START STORED DATA

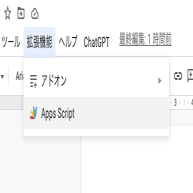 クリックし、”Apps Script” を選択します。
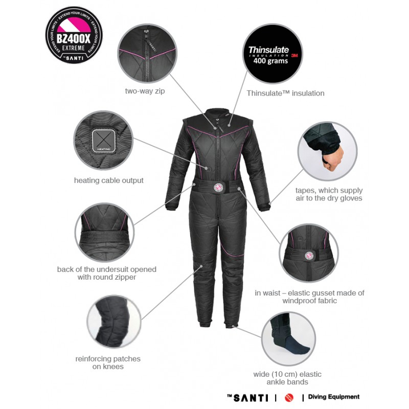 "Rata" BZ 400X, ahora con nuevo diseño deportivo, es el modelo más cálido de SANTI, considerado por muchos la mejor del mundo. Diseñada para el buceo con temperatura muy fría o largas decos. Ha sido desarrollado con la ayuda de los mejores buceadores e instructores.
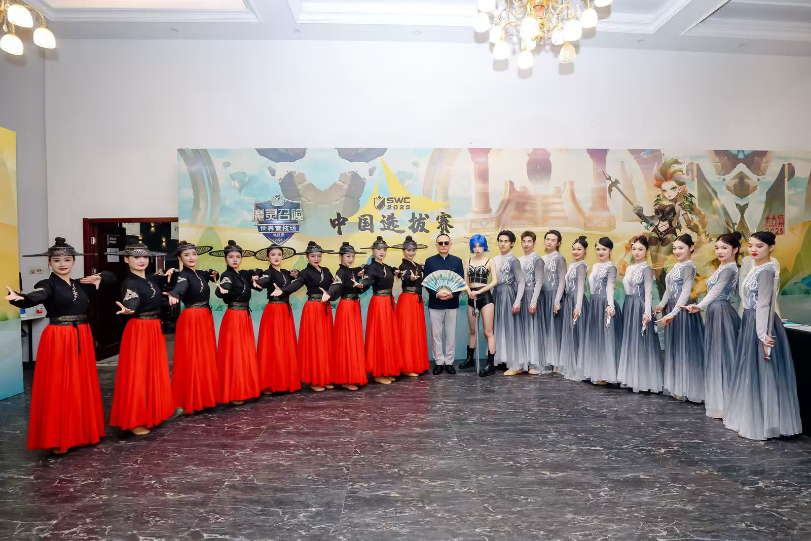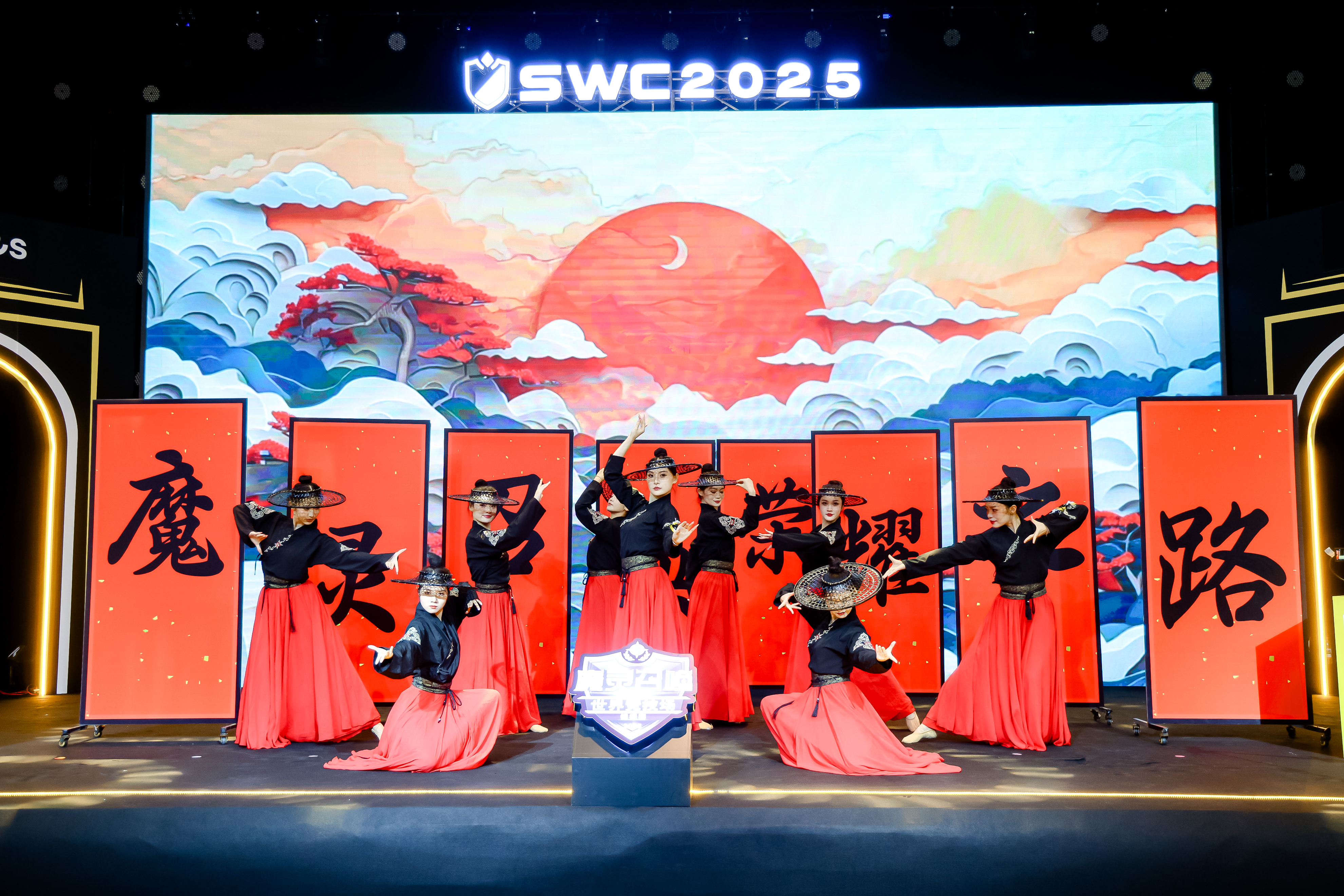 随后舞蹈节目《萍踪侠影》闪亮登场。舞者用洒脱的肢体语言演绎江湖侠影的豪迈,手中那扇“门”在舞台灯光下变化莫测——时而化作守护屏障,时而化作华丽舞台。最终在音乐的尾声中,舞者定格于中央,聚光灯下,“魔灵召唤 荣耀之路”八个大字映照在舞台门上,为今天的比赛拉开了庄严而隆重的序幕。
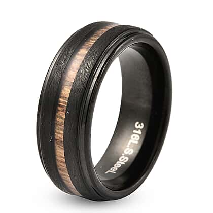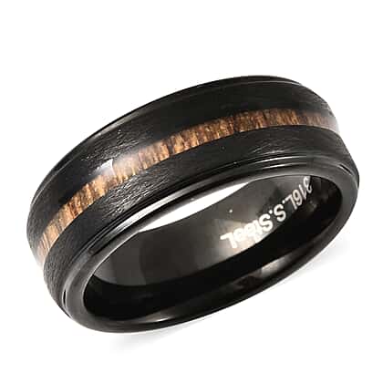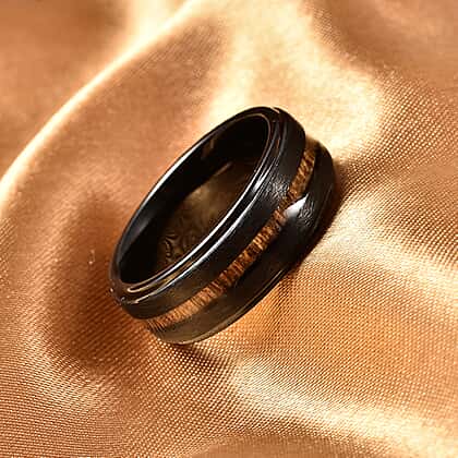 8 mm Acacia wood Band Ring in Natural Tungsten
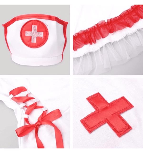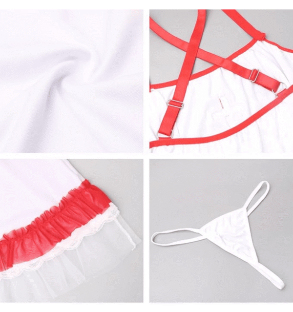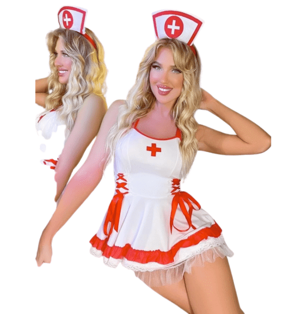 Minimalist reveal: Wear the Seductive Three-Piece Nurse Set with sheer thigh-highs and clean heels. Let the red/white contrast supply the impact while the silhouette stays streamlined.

END STORED DATA

* _WHAT THE TASK ASKS_
Once the line with "随后舞蹈节目《萍踪侠影》闪亮" is found above, print it and every line after it through the line with "8 mm Acacia", exactly. Pictures stay out.

* _WRITTEN ANSWER_
 随后舞蹈节目《萍踪侠影》闪亮登场。舞者用洒脱的肢体语言演绎江湖侠影的豪迈,手中那扇“门”在舞台灯光下变化莫测——时而化作守护屏障,时而化作华丽舞台。最终在音乐的尾声中,舞者定格于中央,聚光灯下,“魔灵召唤 荣耀之路”八个大字映照在舞台门上,为今天的比赛拉开了庄严而隆重的序幕。
 8 mm Acacia wood Band Ring in Natural Tungsten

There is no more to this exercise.